I personally don’t pray to anyone. I simply say out loud that “Tomorrow I will be a better man than today”.

O try and remember that the Big Books were written almost 5 generations ago. The wording is going to be of the time. The actions are refections of the positive of the times. I just give it a break.

The themes hold true though. The steps are but a plan of action for better living. They still hold up…in the order written…for the original purpose.

I take pride in my ability to celebrate those with different beliefs and paths while doing my thing daily head held high.

Try not to pick the literature to death. The books are wonderfully imperfect…just like us.

If and when someone says there is ONE CORRECT way to do anything…smile..and politely exit the conversation. It’s not a chat you want nor need to belong in.

Sticking around to debate is just as bad as the original ONE WAY topic.
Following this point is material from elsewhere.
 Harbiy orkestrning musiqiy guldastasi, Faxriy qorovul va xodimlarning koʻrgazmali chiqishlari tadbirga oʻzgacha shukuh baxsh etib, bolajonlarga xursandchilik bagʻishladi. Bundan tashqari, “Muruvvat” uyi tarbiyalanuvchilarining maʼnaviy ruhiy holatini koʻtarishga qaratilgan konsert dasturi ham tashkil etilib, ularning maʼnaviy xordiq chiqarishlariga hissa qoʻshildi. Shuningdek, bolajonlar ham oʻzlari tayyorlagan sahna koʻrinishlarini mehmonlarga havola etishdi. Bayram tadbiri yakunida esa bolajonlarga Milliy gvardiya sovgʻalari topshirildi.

Be around like minded people and this will almost never come up at all.

Love ya kiddo,
Brent S

When I use (used) my will was similar to my sober will, but mixed with getting/trying to keep a chemical fix, processing wild emotions on a wild goose chase to nowhere, trying to figure out what was wrong with me while making a mess of things and building more regret. It was like looking at my purpose through a warped glass, or kaleidoscope that was half covered in refuse.
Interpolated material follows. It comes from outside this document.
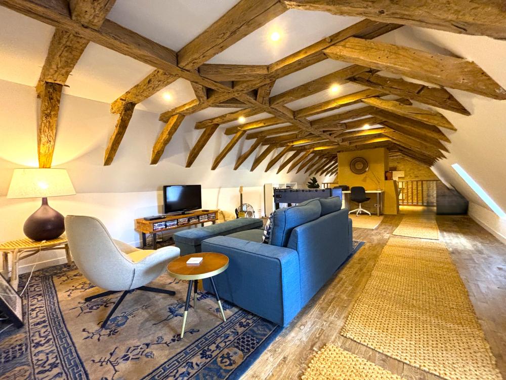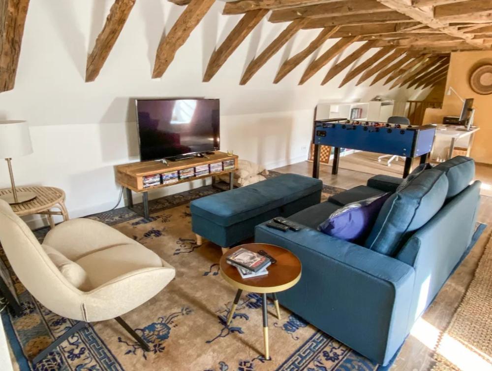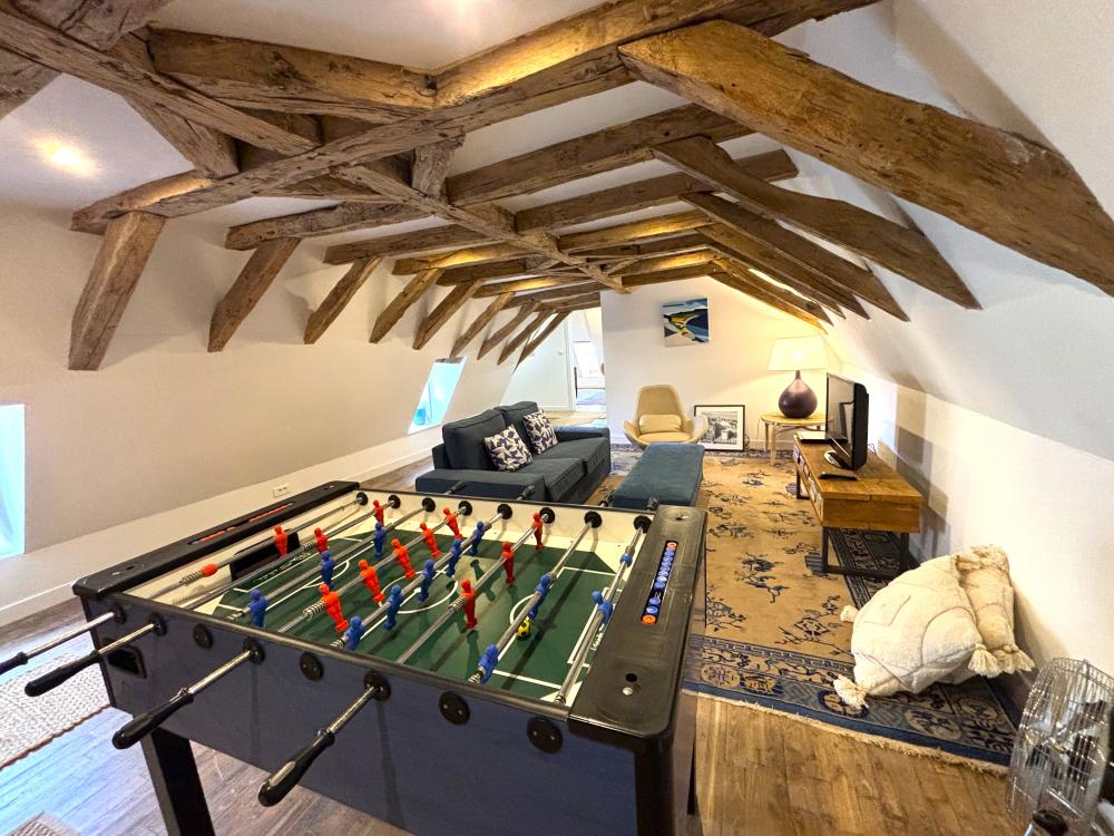 - La vaste pièce à vivre offre au choix un second salon TV, une salle de jeu avec baby-foot ou un espace travail avec bureau et siège.

My sober will, as it develops, is to love well and appreciate all I have. Not rainbows and unicorn farts, but actually living in a way that is good for my holistic health, and for that of those I encounter in my daily life. I really want to learn to stop being a jerrk for example, which takes work and is worth it. I also want to help my son grow and develop into a glad, hopeful, determined, strong young man who will influence the world for good, one person at a time, one smile or conversation at a time.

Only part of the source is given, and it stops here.